PARIS : Jusqu'où peut mener l'imagination? Les tableaux de la peintre tunisienne Aziza Guermazy suscitent curiosité et émerveillement. Son œuvre – un subtil mélange de couleurs et de personnages intelligibles aux formes géométriques variées – est une ode à la réflexion. Entretien avec la jeune artiste talentueuse pour Arab News en français.
Un pari gagnant
Dresser le portrait d'une peintre est un exercice délicat. Il nécessite de poser des questions existentielles à l'artiste. Un débat s'ouvre dès lors autour des notions de création, de subjectivité, d'imaginaire et surtout de liberté. Certains artistes préfèrent se mettre en arrière-plan en jouant la carte du mystère. D'autres, au contraire, considèrent leur œuvre comme un prolongement de leur personnalité. Mais il y a ceux qui utilisent l'art comme un moyen d’expression privilégié.
Aziza Guermazy est de cette école-là, et elle ne s'en cache pas. Il y a chez elle ce que l'on peut appeler la force de la vulnérabilité. «Je suis une personne très timide et introvertie. En temps normal, j'ai du mal à m'exprimer. La peinture est une façon de m'exprimer, et ce, même au niveau des couleurs. Mes toiles sont remplies de couleurs vives, mais moi je ne porte que du noir et plus récemment du gris et du blanc.»
Ce n'est qu'en 2018, à l'âge de 27 ans, qu'elle décide de se consacrer pleinement à cette activité, alors qu’elle avait seulement pris des cours de peinture à l'âge de douze ans. Action risquée car des études universitaires couronnées par un diplôme de Master en gestion de la relation client lui permettaient d’entrer pleinement dans le grand bain de la vie professionnelle. «Les études étaient passionnantes. J'ai travaillé pendant un an. Mais ce n'était pas fait pour moi. Rester dans un bureau derrière l'ordinateur toute la journée, ça ne me correspondait pas.»

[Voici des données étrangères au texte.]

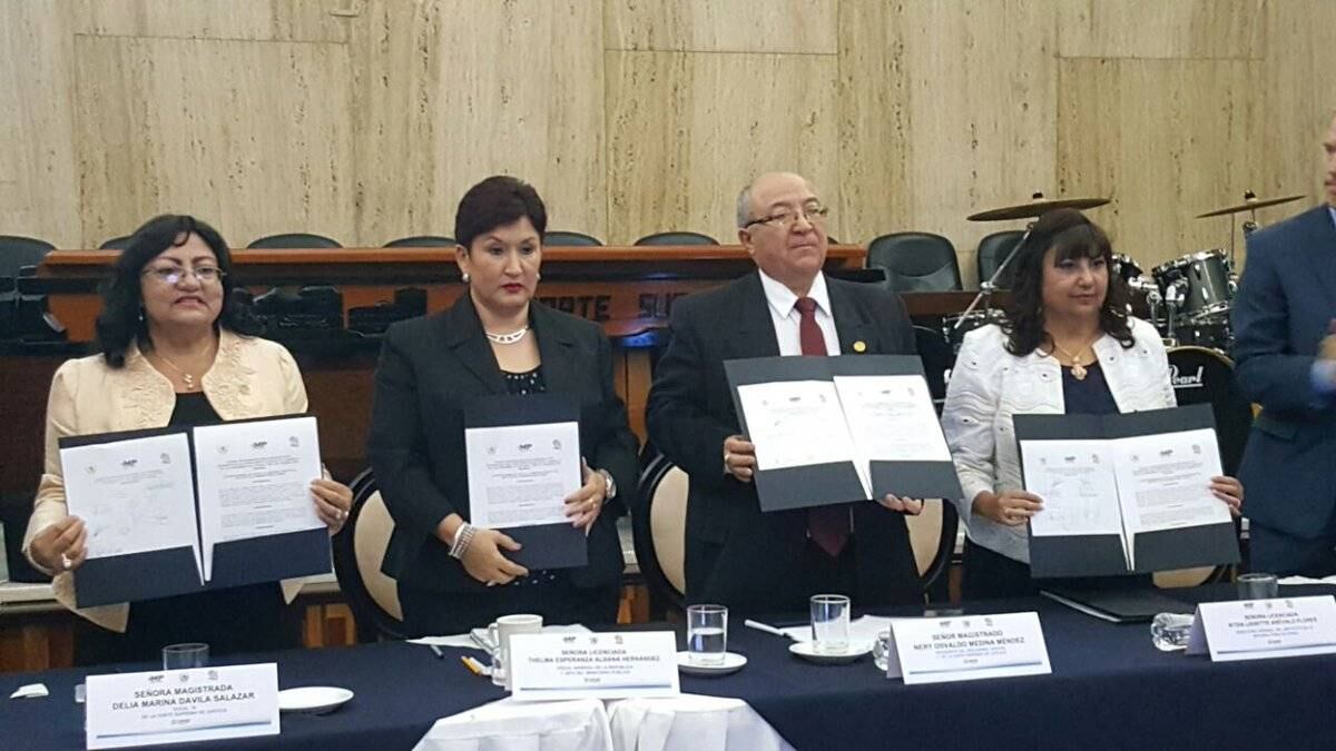 Autoridades del Ministerio Público (MP), el Instituto de la Defensa Pública Penal (IDPP) y el Organismo Judicial (OJ) firmaron este lunes un acuerdo interinstitucional para aplicación de los procedimientos para delitos menos graves por Juzgados de Paz Penal.
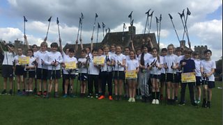 Pupils from Oaksey School near Malmesbury are getting involved by Nordic walking.
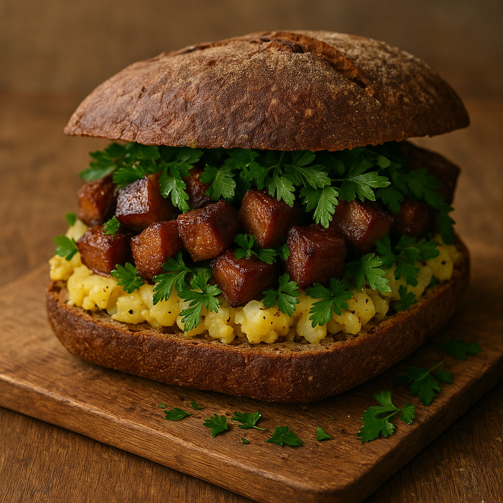 Le sandwich George Sand (période romans champêtres tel La Mare au diable et autres Petite Fadette) n’est pas une contrepèterie boîteuse cachée (cf : Riche à millions), car son esprit esprit « Miche et rillons » ressortit bien d’un rustique berrichon, qui vous campe dans les sabots et dont la robe retroussée est toute en sous entendus : le gras (dont on sait que « c’est la vie ») chante, la patate terrienne rassure, mais le persil échauffe. Ça tient au corps ; c’est large, généreux, sans afféterie. C’est un sandwich qui ne demande pas pardon d’être nourrissant.
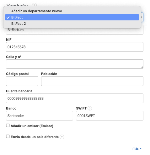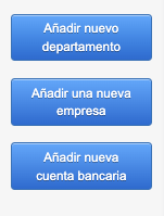 Para cambiar los datos del vendedor de manera rápida y sin errores, es necesario ingresar previamente los departamentos. Para hacer esto, ve a Ajustes > Empresa / Departamento y selecciona el botón correspondiente: Añadir nuevo departamento, Añadir nueva empresa o Añadir nueva cuenta bancaria.

Aziza Guermazy s'est ainsi lancé un pari, de surcroît, gagnant. «J'ai démissionné du jour au lendemain. J'ai envoyé des candidatures à Paris. Je ne pouvais pas rester les bras croisés. Ma mère n'en pouvait plus. Pour m'occuper, j'ai repris ma peinture et tout compte fait, j'ai compris que c’était ce que je voulais faire.»
L'élément déclencheur? Une ascension fulgurante au niveau local, dès 2019. Sa première exposition personnelle qui s'intitule «Imaginarium» – un nom hautement évocateur – s'est déroulée à l'Agora de Tunis. Sa deuxième exposition s'est tenue à l'Institut français de Sfax. Son talent a aussi été remarqué au niveau international. Elle a ainsi obtenu le prix de la résidence d'artiste à la Mediterranean Contemporary Art Prize.
Une œuvre qui suscite la réflexion
Ce succès est dû notamment au fait qu'elle a su vite imposer sa propre signature. «Ça me fait plaisir d'entendre que l'on arrive à reconnaître aisément mes toiles. C'est ce que je recherche. Je veux garder le même style. Je veux vraiment qu'on arrive à reconnaître ma signature dans n'importe quel pays, n'importe quelle galerie.»
L'artiste aime préciser que chaque tableau a sa propre singularité, sa propre histoire, et ne répond pas forcément à une logique d'ensemble. «C'est à travers des personnages semi-humains que j'ai créés que j'essaie de raconter une histoire à chaque fois. Cette histoire peut être interprétée de manière infinie.»
L'artiste aime susciter la réflexion, notamment par le biais du nom de ses toiles. «À plusieurs occasions, j'ai préféré garder le nom du tableau pour moi. Les gens peuvent ainsi l’interpréter comme il le souhaitent. Ils peuvent même voir des choses auxquelles je n’avais pas pensé. C'est un objectif que je recherche.»
Cet objectif, l'artiste a pu l'expérimenter lors de son exposition à l'Institut français où elle a reçu la visite des écoles françaises à Sfax. «Les visiteurs avaient entre quatre et dix ans. C'était incroyable. Ils ont adoré analyser mes toiles. Un directeur m'a même contactée pour que je fasse un atelier de peinture. J'ai vécu un rêve.»
L'émerveillement est un bien précieux, qu'il convient de chérir et de partager.